Monday, April 29, 2013
The first thing I asked was “is she safe?” The elderly man on the phone called to tell me his wife fell and is now in the hospital. They took her to the community hospital (all names are being changed for obvious reasons) and I waited at the general hospital, he said in a shaky voice. No one told me where they were taking her. He was very distraught and now felt even more vulnerable.
A loving couple in their 80’s and never significantly separated; he is her caretaker and just recently realized he may not be able to care for her any longer. Her dementia, falls and incontinence are taking a toll on both of them. “How can I help” I asked.
He felt she was safe where she was but didn’t know what he needed. In his long career, he was an expert at his work. As a coach, he is an expert in that field, but when it comes to his need for healthcare services, he had no idea. I went to his home and together we found his insurance policy, contact information and names. I took their ID numbers, birth date, address and other information and started right away making the calls.
As a care coordinator or patient advocate, there are many roles we can play. I couldn’t possibly tell him “This is what you need to do”. He wasn’t in a position to do anything but visit his wife and hold her hand. It took me a few hours but well worth the time starting a claim on their long term care insurance. When I asked him about his policy he said “I just pay it each year” and knew nothing else about it.

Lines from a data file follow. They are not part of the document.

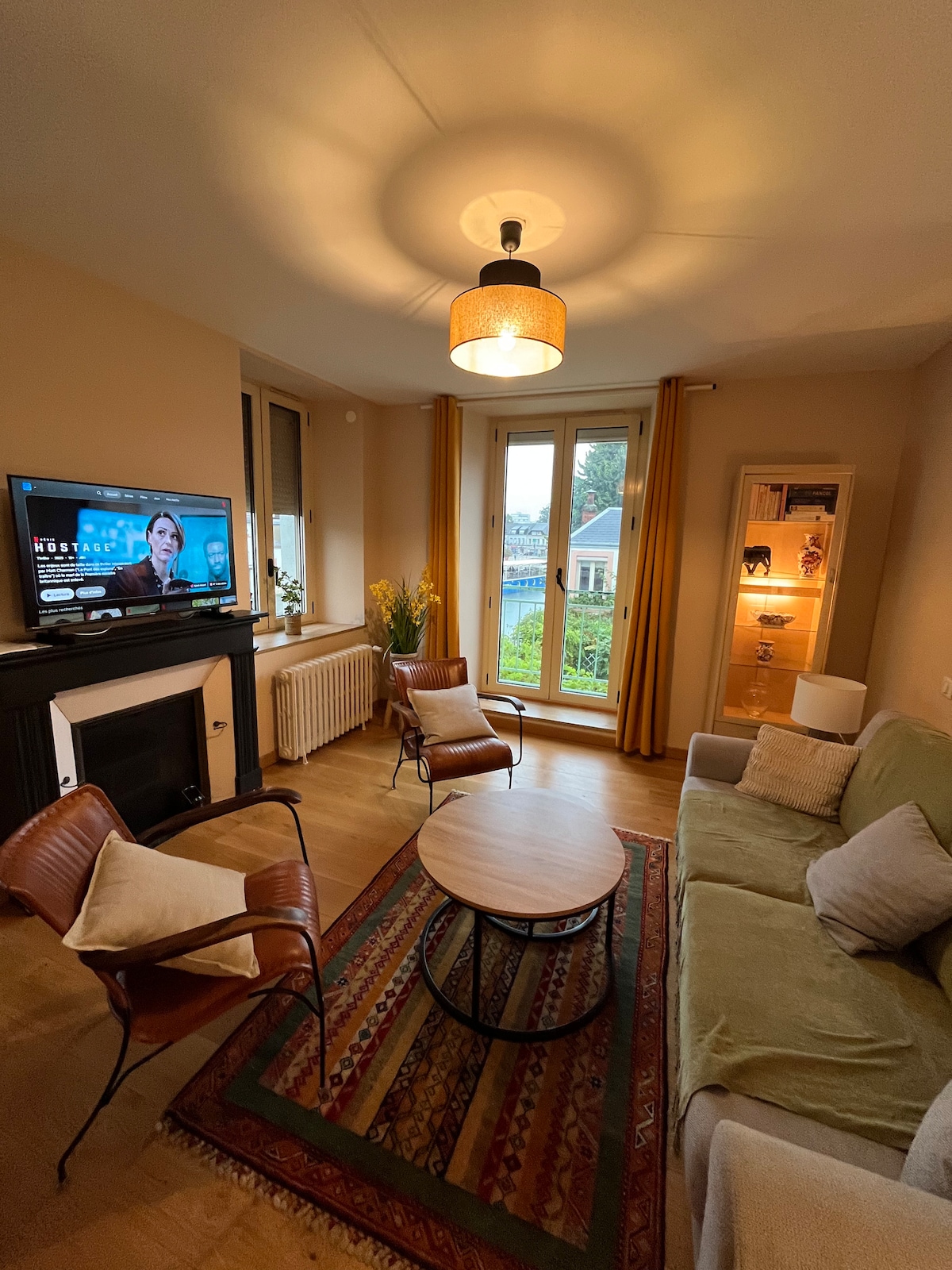 logement paisible a - de 10 min à pied du centre) Au n 24. Une place de parking .Lumineux ,refait à neuf. ( cave si vélo). À proximité de la Loire et de son circuit vélo. Appartement dans un petit immeuble qui n’est pas récent, donc parfois bruyant mais il est très bien entretenu. un espace vert est à l’arrière. Prêt de Chambord, entre Orleans et Blois. Beaucoup à faire Une borne de rechargement pour véhicules électriques ce trouve sur le parking du Lidl qui est à moins de 3 min du logement
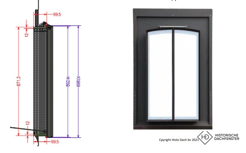510.0004.70 Dachfenster DRF 50 x 90 cm (Fensterteil) Oben Rundbogen Vertikale Einteilung Eisen pulverbeschichtet
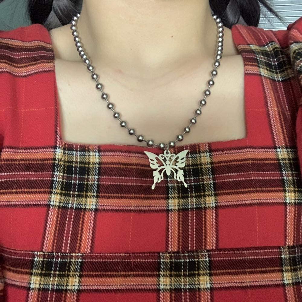 iGirl style butterfly Necklace Stainless Steel big ball chain Harajuku Female Symbol punk Gothic Streetwear choker Necklace for
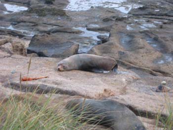 בסוף היום עצרנו לחניית לילה בחוף יפה בדרך וכאשר יצאנו לטיול קצר לאורך החוף, גילינו להפתעתנו שני כלבי ים שהחליטו לנוח על הסלעים ממש לידנו, הגענו עד למרחק של כמה מטרים מהם והיה מאד מרשים לראותם מקרוב.
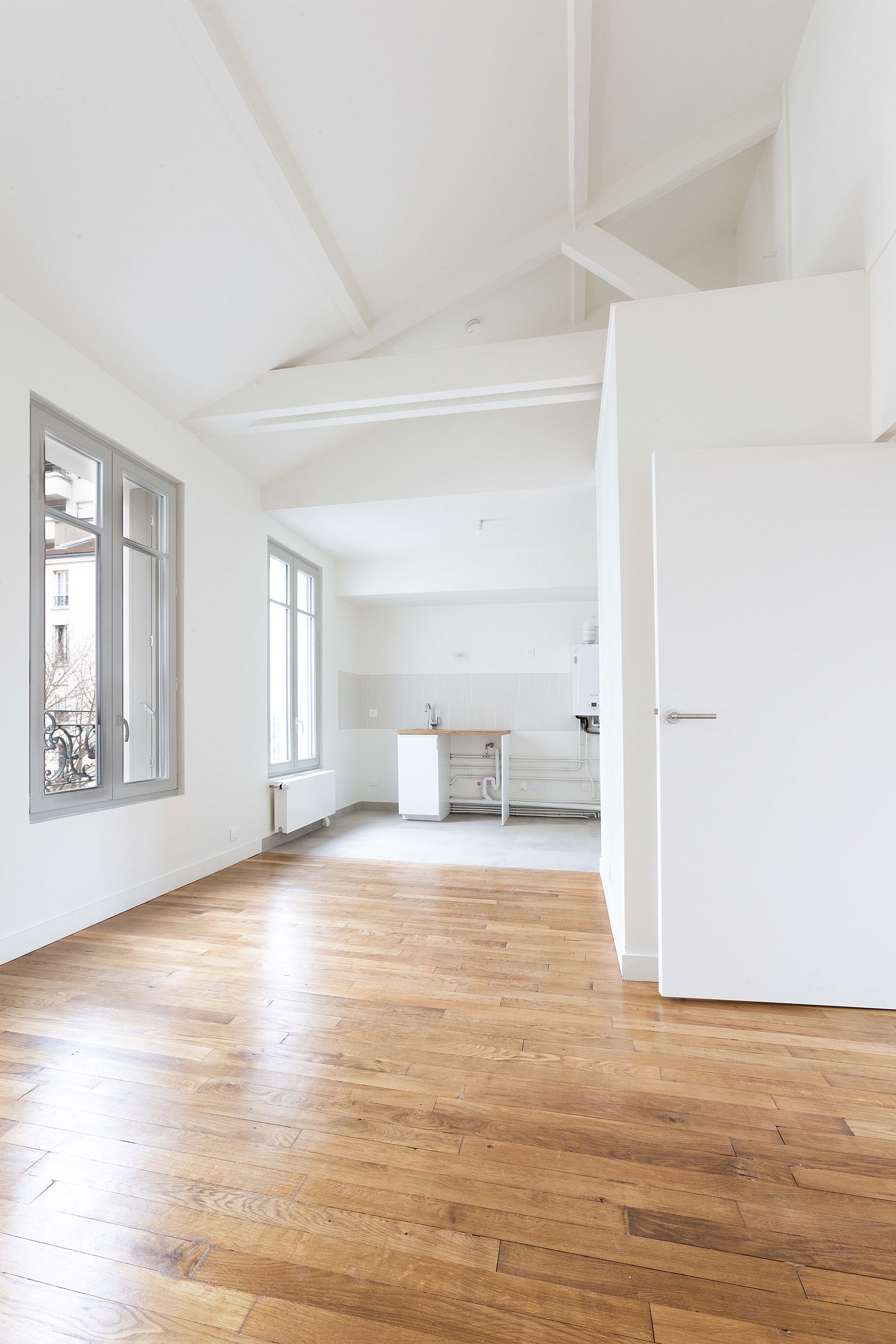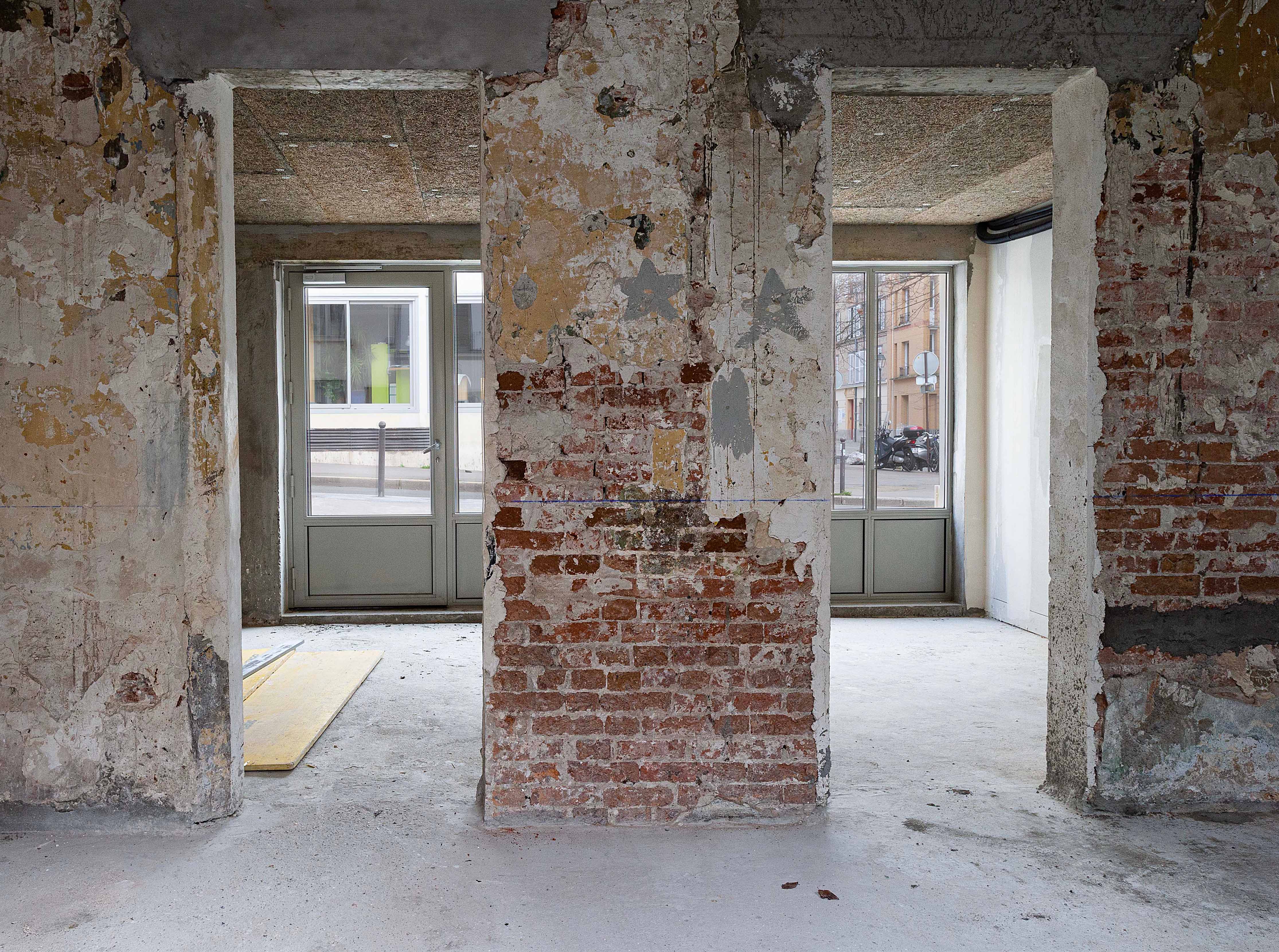 L’ensemble du bâtiment est curé et les planchers sont repris afin d’en garantir la stabilité. La façade et l’escalier sont conservés, adaptés et mis en valeur. Le projet développe un appartement T2 traversant, spacieux et lumineux par niveau ainsi qu’un commerce et un hall au RDC du bâtiment sur rue.
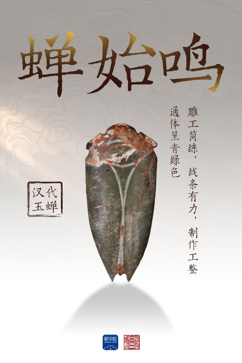 這件漢代玉蟬通體呈青綠色,盛夏的氣息撲面而來?!抖Y記·月令》記載:“仲夏之月,蟬始鳴”,古人發(fā)現(xiàn)夏至之日陽氣達到極盛,蟄伏地底多年的蟬若蟲會破土羽化宣告盛夏來臨,這是自然界的昆蟲“節(jié)氣預(yù)報”。

I have been told that I should charge for the services we offer at the nonprofit organization PULSE of NY that advocates for safe care. Helping to start a claim and having someone talk to the family about the available services, fixing the wife’s walker so when she gets home she is able to go to the bathroom with the help that is needed are all samples of patient’s safety. How does one put a price on the peace of mind we are able to give to one another just by helping where it is needed?
Any small community group can do this for each other. Care partners can all take a role whether its phone calls about insurance, equipment, medication or helping to manage doctor’s visits, one person can be the care coordinator and never has to leave their home. From their phone they can just log on who will be coming to check on the patient, what they are able to do and at what time.
If more communities had care coordinators and care partners watching out for each other, we could all rest assured that our loved ones are being cared for and helped by people they know. This won’t take the place of qualified nursing or medical care, but it is a way to make sure our loved ones are getting the best possible care.
Below is a sample care coordinators chart.
Start off by sending out an e-mail or make some phone calls that this person may (or will) be needing help. Offer some choices of what people might do or ask them what they are willing to do. Most people want to help but aren't sure how. Are they a leader and can organize people? Do they cook, are they able to deliver meals, visit? Are they more assertive that they can help plan their doctors visit, research medications or check on side effects? All that needs to happen is someone decide the first step and you can plan a care team!